Женщина идет вперед, она покрыта вуалью и сутулится. Иисус кладет лампаду на камень рядом с Собой. «Говори». Его приказ настолько строг и суров, а Он настолько Божествен, что женщина вместо того, чтобы подойти и заговорить, отступает и ссутуливается еще больше, продолжая молчать.
«Говори, говорю тебе. Ты хотела Меня видеть. Я пришел. Говори», — говорит Он с оттенком доброты в голосе.
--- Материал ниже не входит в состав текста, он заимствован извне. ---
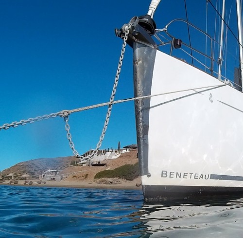 Ist der 2.Anker eingefahren, lasse ich den Hauptanker fallen und hole die extra Leine ein. Lässt sich der Anker nicht einfahren, also fasst er nicht, nehme ich ihn wieder ein und wiederhole das Manöver solange bis es klappt (oder ich diese Ankerposition aufgebe).

Молчание. «Тогда буду говорить Я. Я спрашиваю тебя: почему ты так сильно возненавидела Меня, что служишь тем, кто желает Моей гибели и хотят достичь этого любыми способами, и ищут все возможные причины для этого? Скажи мне. Что плохого Я сделал тебе, о несчастная женщина? Какое зло ты получила от Человека, Который даже не посмеялся над тобой в Своем сердце за образ жизни, пользующийся дурной славой, который ты ведешь? Что? Разве ты была развращена Человеком, Который даже в сердце Своем не пожелал тебя, что ты возненавидела Его больше, чем ненавидишь тех, кто развратил тебя и презирают тебя каждый раз, когда они приходят к тебе. Отвечай Мне! Что сделал тебе Иисус из Назарета, Иисус сын человеческий, Которого ты едва ли узнаешь в лицо, встретившись с Ним на улице города, с Иисусом, Который не знает тебя в лицо и не прибегает к осторожности, учитывая твою дурную славу, и ищет только грязный искаженный образ твоей души, чтобы ознакомиться с ним и исцелить его? Так говори же!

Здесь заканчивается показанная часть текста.